**Exercise objective:** Restate word for word the lines below, from the one containing "中国南山,深耕赤湾43载,以" through the final line, with no pictures included.

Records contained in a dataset
= = = = =

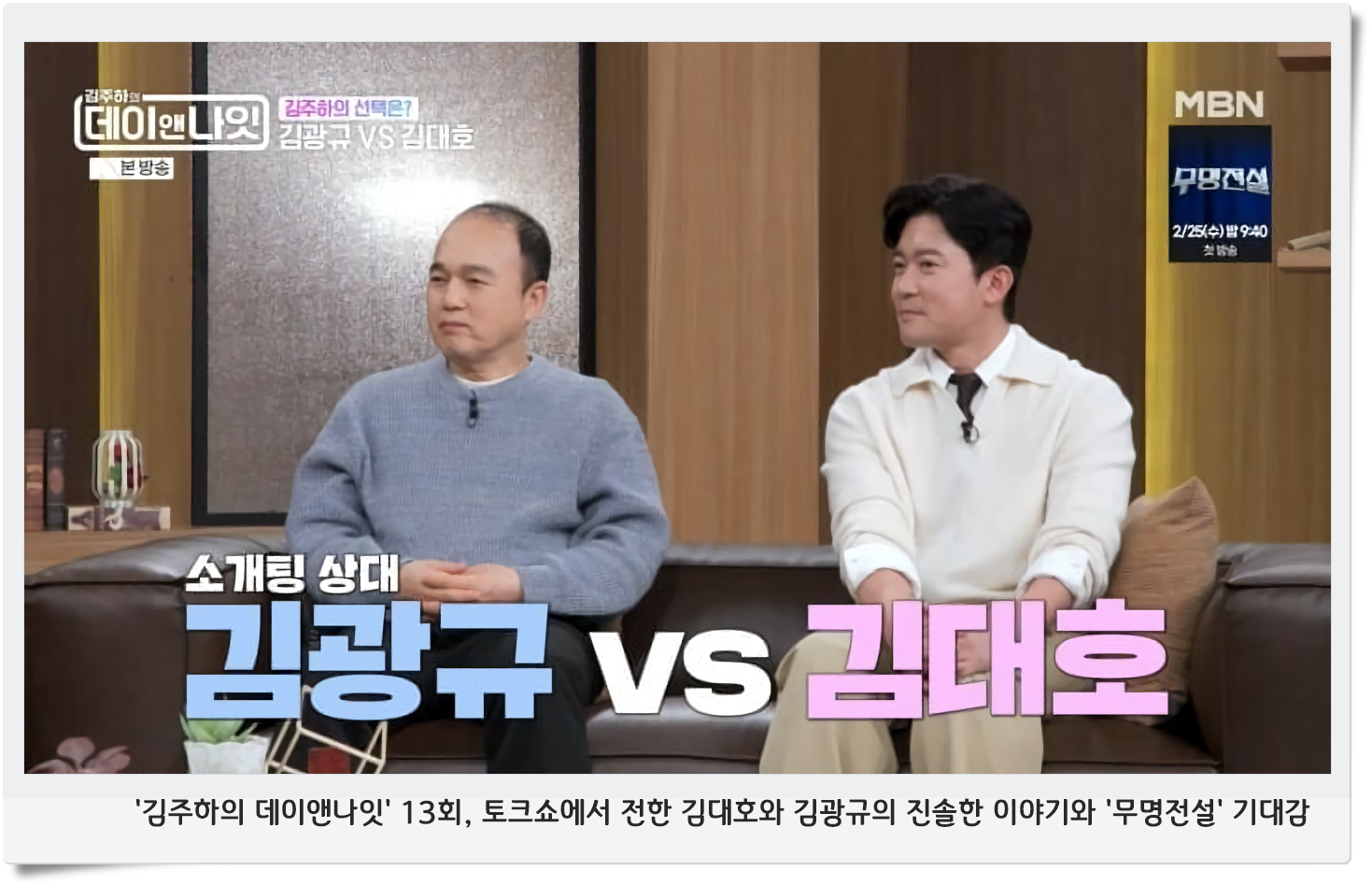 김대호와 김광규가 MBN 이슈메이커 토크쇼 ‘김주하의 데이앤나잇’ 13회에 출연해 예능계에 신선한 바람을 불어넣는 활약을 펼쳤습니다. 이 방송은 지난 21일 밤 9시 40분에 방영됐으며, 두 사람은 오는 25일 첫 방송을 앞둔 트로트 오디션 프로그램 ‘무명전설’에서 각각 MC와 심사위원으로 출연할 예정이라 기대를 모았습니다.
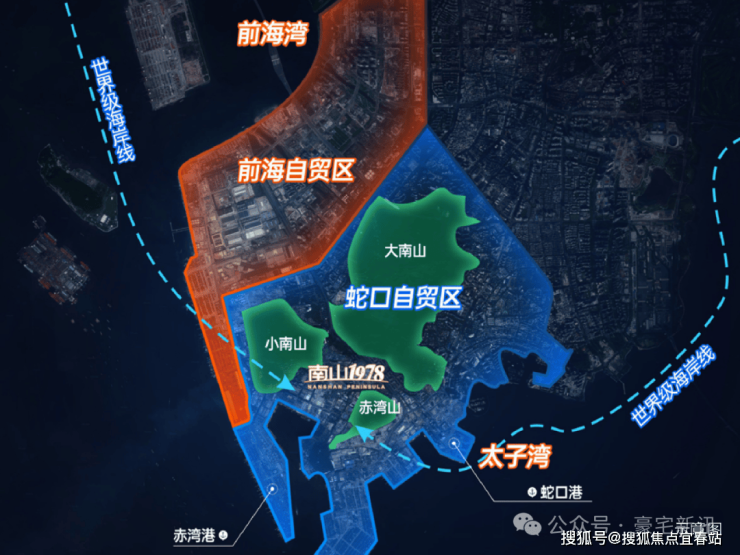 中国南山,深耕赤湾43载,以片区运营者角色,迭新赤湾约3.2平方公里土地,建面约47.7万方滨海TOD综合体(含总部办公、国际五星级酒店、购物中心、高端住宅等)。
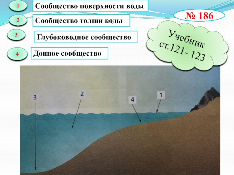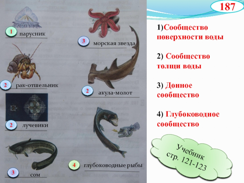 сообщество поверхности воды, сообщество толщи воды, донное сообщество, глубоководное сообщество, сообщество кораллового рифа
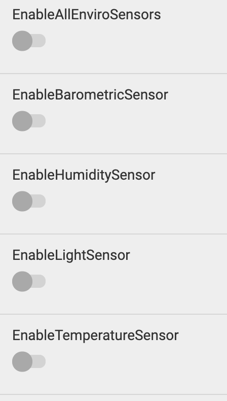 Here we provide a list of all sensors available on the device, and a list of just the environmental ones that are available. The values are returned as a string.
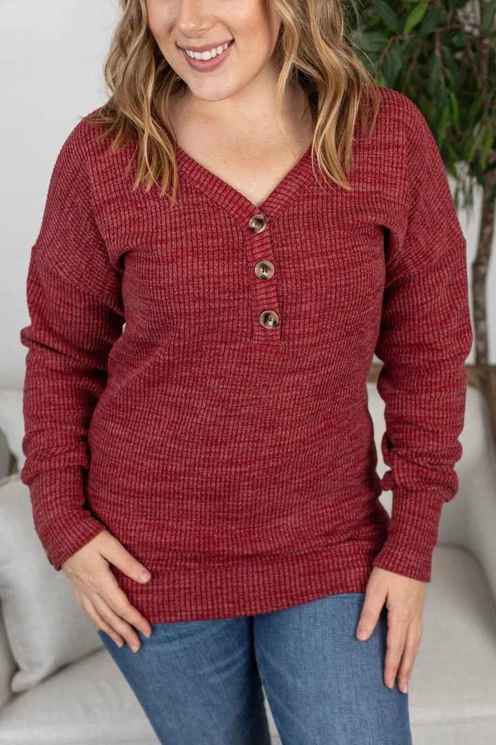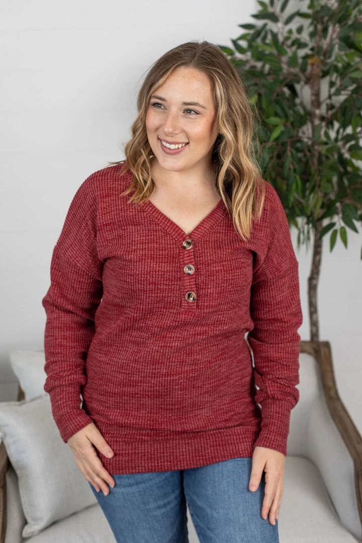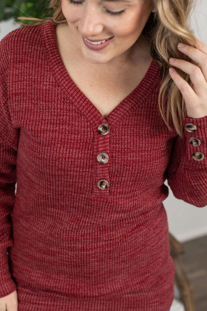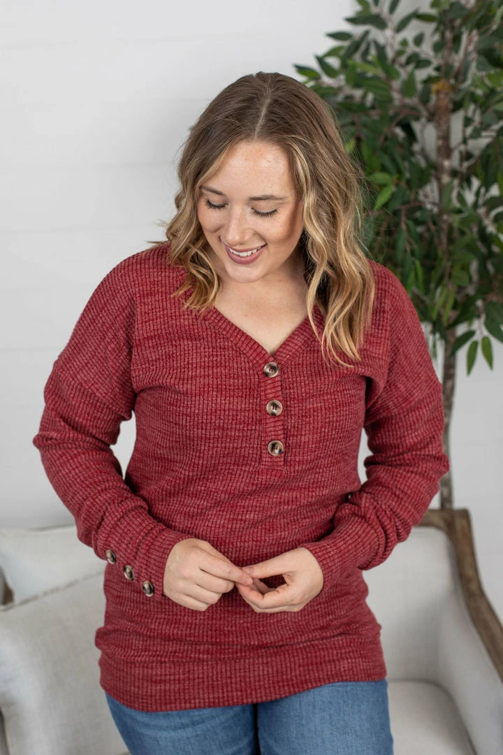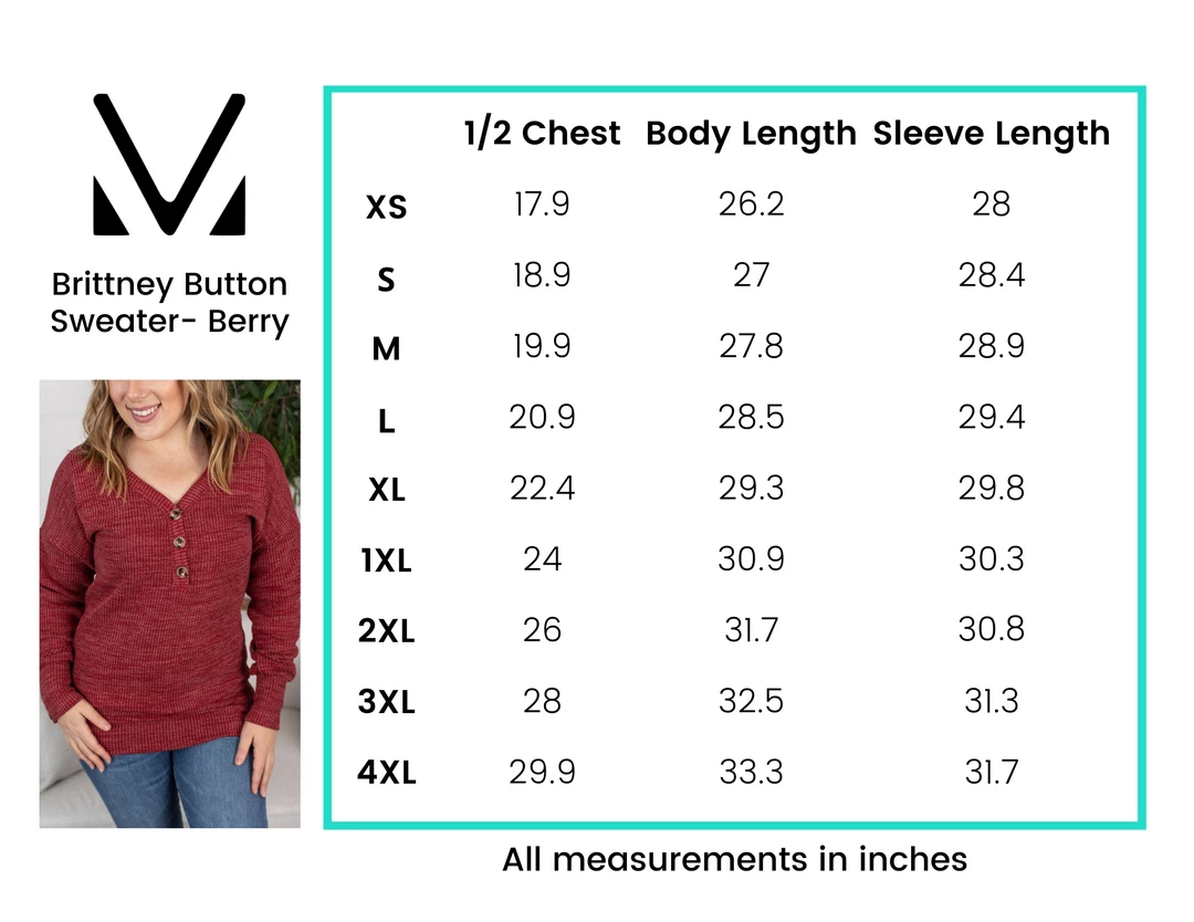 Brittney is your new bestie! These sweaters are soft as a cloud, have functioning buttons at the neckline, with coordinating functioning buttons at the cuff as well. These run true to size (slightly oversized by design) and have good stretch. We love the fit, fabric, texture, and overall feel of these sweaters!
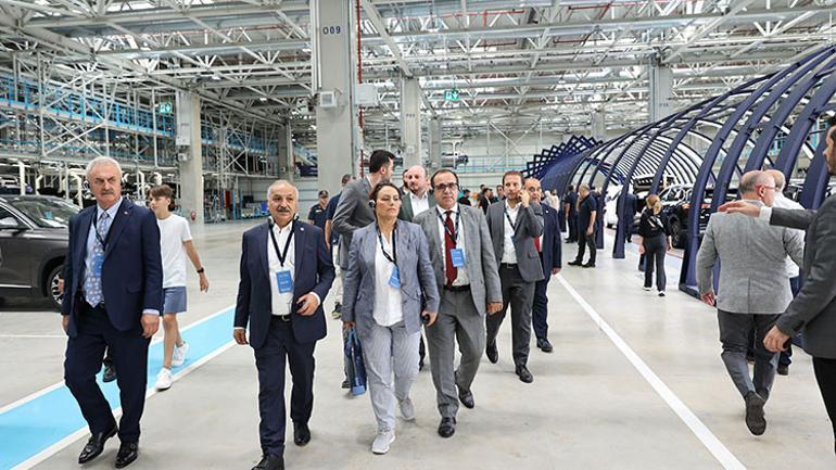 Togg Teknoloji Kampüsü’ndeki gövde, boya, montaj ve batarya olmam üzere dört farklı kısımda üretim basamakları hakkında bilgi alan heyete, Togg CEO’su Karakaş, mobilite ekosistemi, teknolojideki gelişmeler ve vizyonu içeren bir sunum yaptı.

= = = = =

**Answer for the task:**
 中国南山,深耕赤湾43载,以片区运营者角色,迭新赤湾约3.2平方公里土地,建面约47.7万方滨海TOD综合体(含总部办公、国际五星级酒店、购物中心、高端住宅等)。
 сообщество поверхности воды, сообщество толщи воды, донное сообщество, глубоководное сообщество, сообщество кораллового рифа
 Here we provide a list of all sensors available on the device, and a list of just the environmental ones that are available. The values are returned as a string.
 Brittney is your new bestie! These sweaters are soft as a cloud, have functioning buttons at the neckline, with coordinating functioning buttons at the cuff as well. These run true to size (slightly oversized by design) and have good stretch. We love the fit, fabric, texture, and overall feel of these sweaters!
 Togg Teknoloji Kampüsü’ndeki gövde, boya, montaj ve batarya olmam üzere dört farklı kısımda üretim basamakları hakkında bilgi alan heyete, Togg CEO’su Karakaş, mobilite ekosistemi, teknolojideki gelişmeler ve vizyonu içeren bir sunum yaptı.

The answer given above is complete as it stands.